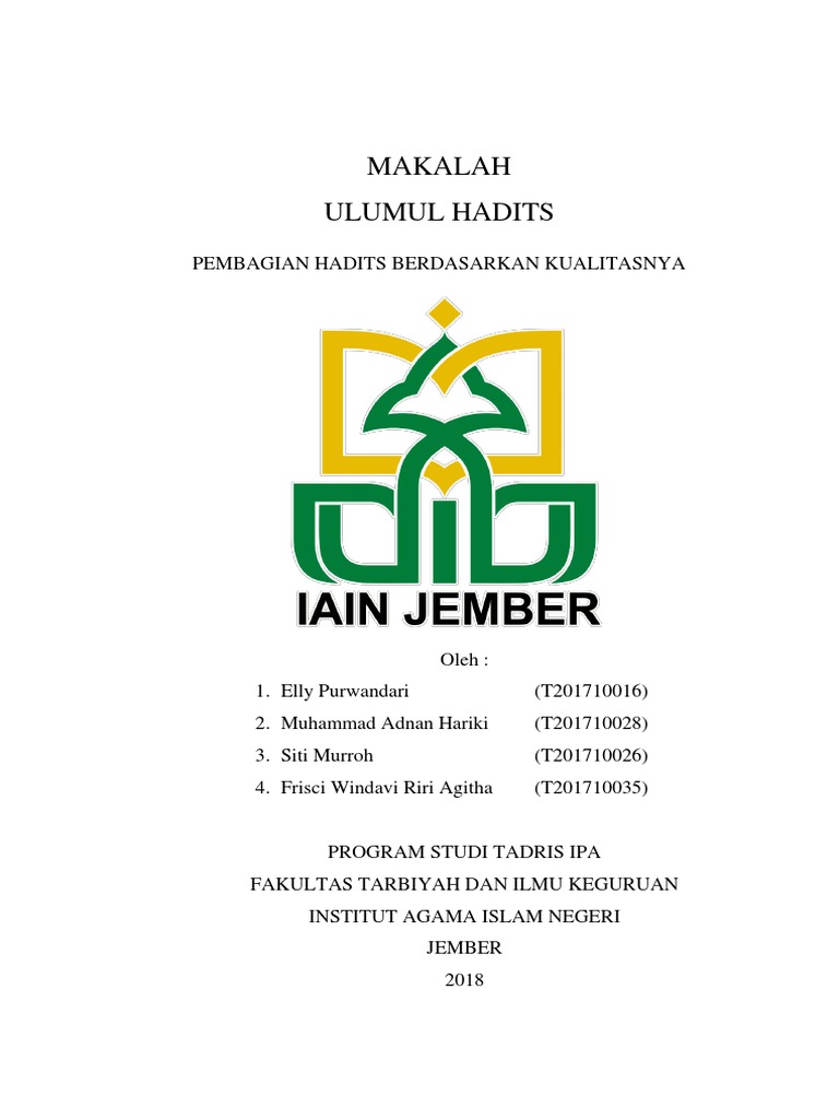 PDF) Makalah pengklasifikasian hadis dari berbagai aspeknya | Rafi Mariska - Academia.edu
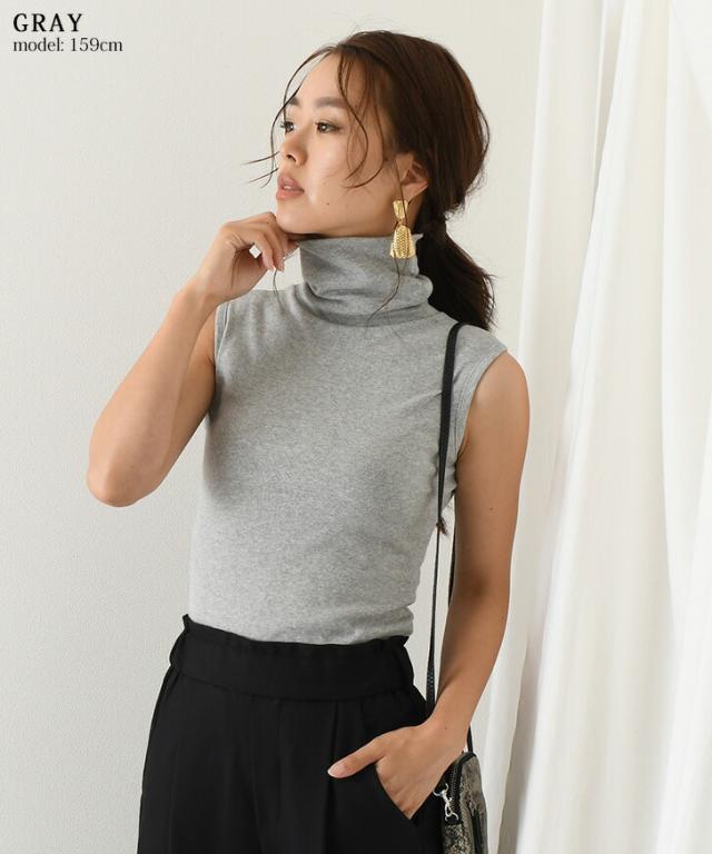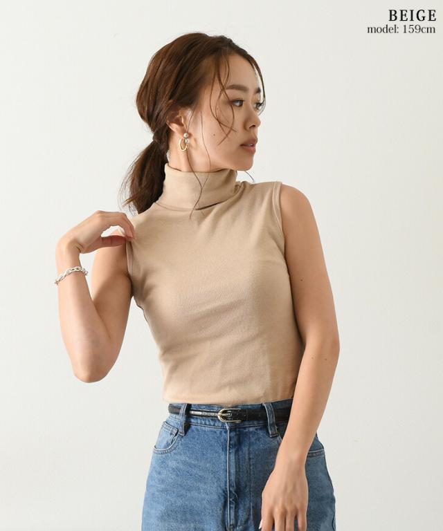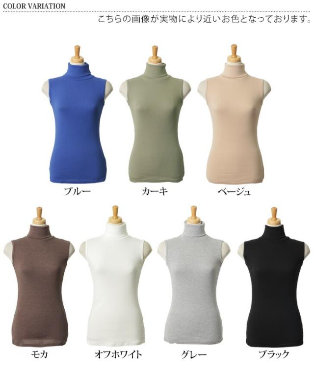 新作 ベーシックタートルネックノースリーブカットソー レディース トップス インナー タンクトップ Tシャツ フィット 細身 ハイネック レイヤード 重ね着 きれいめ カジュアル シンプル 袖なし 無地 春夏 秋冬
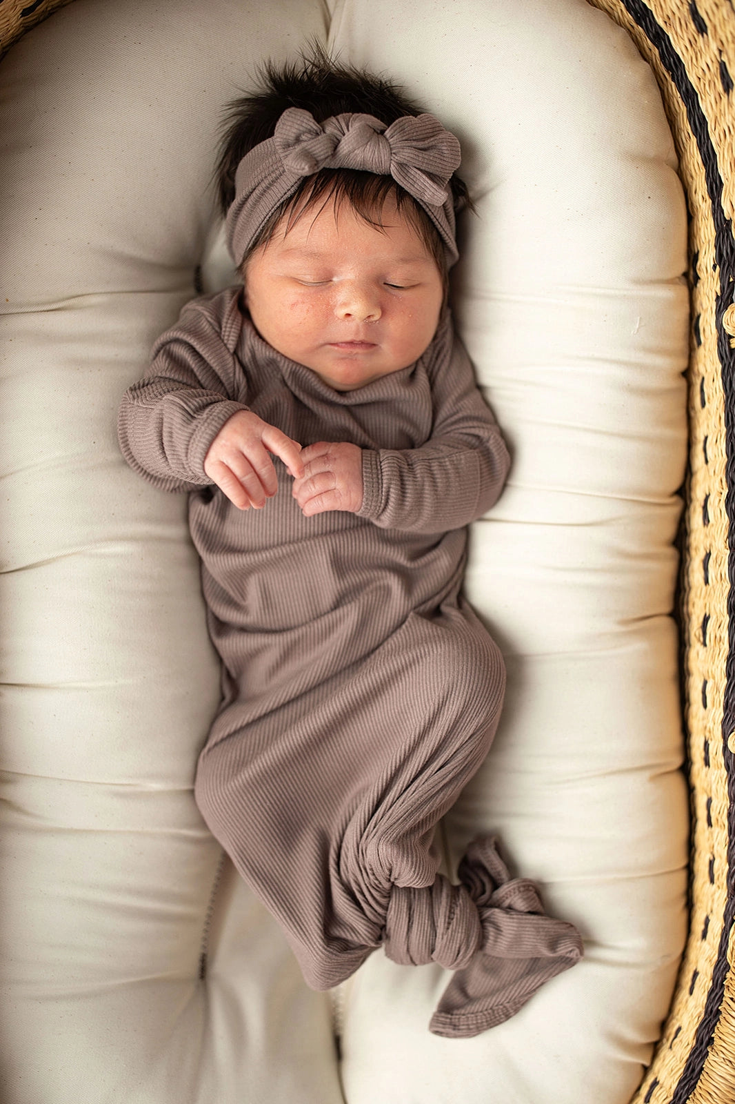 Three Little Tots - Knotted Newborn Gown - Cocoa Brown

*Exercise prompt*
What you return should be the full listing, unchanged, minus the pictures.

*Result*
 PDF) Makalah pengklasifikasian hadis dari berbagai aspeknya | Rafi Mariska - Academia.edu
 新作 ベーシックタートルネックノースリーブカットソー レディース トップス インナー タンクトップ Tシャツ フィット 細身 ハイネック レイヤード 重ね着 きれいめ カジュアル シンプル 袖なし 無地 春夏 秋冬
 Three Little Tots - Knotted Newborn Gown - Cocoa Brown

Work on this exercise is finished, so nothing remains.